Junior doctors are some of the most important members of front line NHS staff. They are the people we see day to day in clinics, who look after patients on wards and often may be the people who put us asleep for operations and who do the operations. They deliver our babies. They care for critically ill patients on intensive care. They are also the doctors who deal with emergencies in A&E and see patients in GP practices as well as providing medical cover for football matches, outdoor events, mountain rescue etc.

Currently junior doctors work on a contract which gives them a basic salary plus a bonus – called banding – which is up to an extra 50% of their salary. Doctors who do the most hours overall and spend the most hours working “unsocial” shifts get the highest banding (this is up to 50% in England). Doctors in specialities such as A&E, anaesthetics and intensive care, who are regularly in at the weekend and at night get paid more than doctors who do predominantly mid week daytime shifts (e.g. microbiologists and pathologists).
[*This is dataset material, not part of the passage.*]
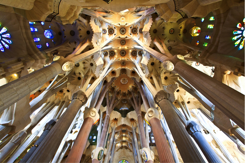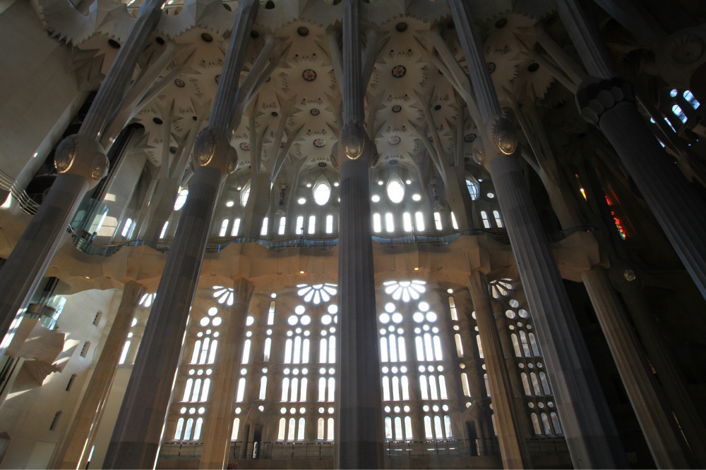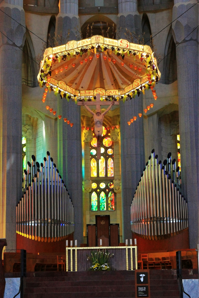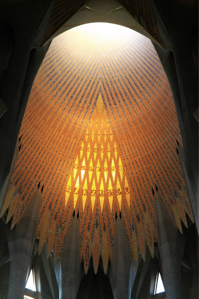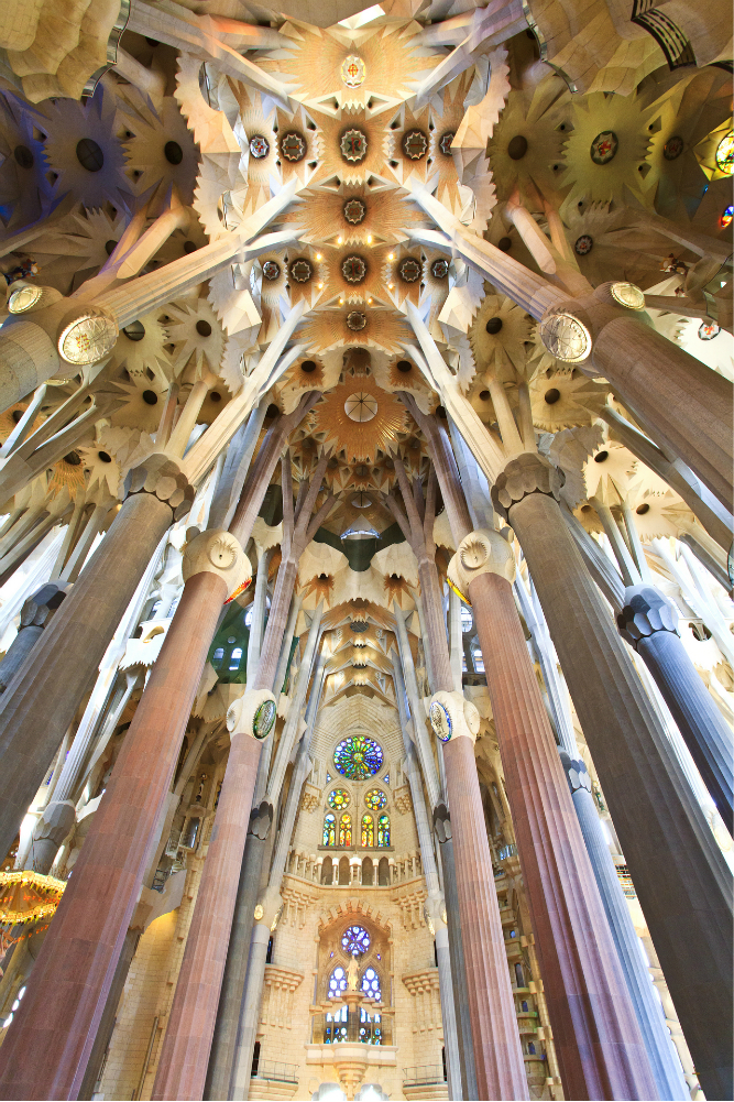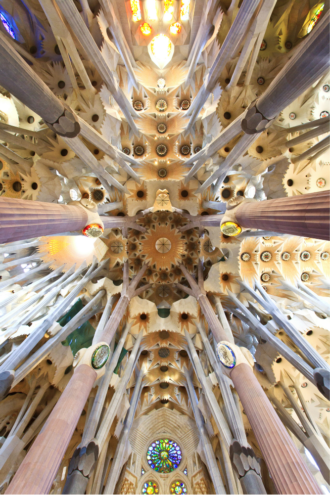 震撼啊..崇尚自然的高迪在这座教堂的设计上.不用任何直线...所有的都是曲线.曲面..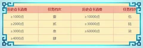 首先只要玩家在2016-03-28 00:00到2016-06-24 24:00期间游戏的总在线时长小于24小时,账号在梦幻西游中的“历史点卡消费”≥1000点(“历史点卡消费”指的是2004-01-16至2016-03-31期间的游戏时间和仙玉消费,不包括寄售点卡、藏宝阁交易、免费时间和免费仙玉等),系统会根据“历史点卡消费”的多少来评判玩家可以领取历史消费返利的档次,总共分为7个档次,当然每个档次的奖励各有不同,档次越高,奖励越丰厚,这对广大老玩家来说绝对是个贴心的福利。

In recent times the EU introduced something called the “European Working Time Directive” – this is a system in place to ensure that no-one in any job works unsafe hours. It limits people to working a maximum of 48 hours per week. In reality, many people do more than this, a lot more, but they cannot be “contracted” to do more than this. A special caveat to this is, introduced for UK doctors, is that doctors can work many more hours than this (up to 92 hours per week), as long as their average weekly hours do not exceed 48 hours over a 6 week period (this includes days off and leave). Again, this only applies for contracted hours – the time someone actually spends in work may be significantly more.

Obviously doctors, like most professionals, often have to come in early or leave late due to the demands of the job and patient needs. Many doctors routinely finish several hours late – if a theatre case overruns or someone needs help, they cannot and would not leave. This time is unpaid. It has never been paid and never will be. Doctors are not, and never have been, paid overtime. They simply get paid based on their contracted hours, which consequently may often well understate what they actually do.

It is of course of the utmost importance that doctors are happy and willing to give up their own time to stay late or come in on their days off – to ensure patients (us, the public) get the care they need when they need it. Imagine if an older relative was deteriorating on a ward and a doctor didn’t go to review them at 4.55 as they were due to clock off at 5pm. This would not be ok. But then no doctor would refuse to do this – and in reality, doctors knew this is what would be expected of them when they started work.

However, it is also very important for doctors to stay sharp and focussed, to ensure their patients get the best care. A tired doctor is not a safe doctor – not for their patients or themselves. Currently systems exist to protect patients from over worked doctors, and to protect doctors from burn out. Essentially, if a hospital schedules a doctor to work over their maximum allowed hours (92/week, with an average of 48/week) then they get fined – this prevents this from happening and keeps patients safe. The news contains many stories of young doctors who have died in a car crashes or made mistakes after long night shifts or had a breakdown due to the stress and demands of work – we must do all we can to avoid these sorts of things happening. The current system just about achieves this.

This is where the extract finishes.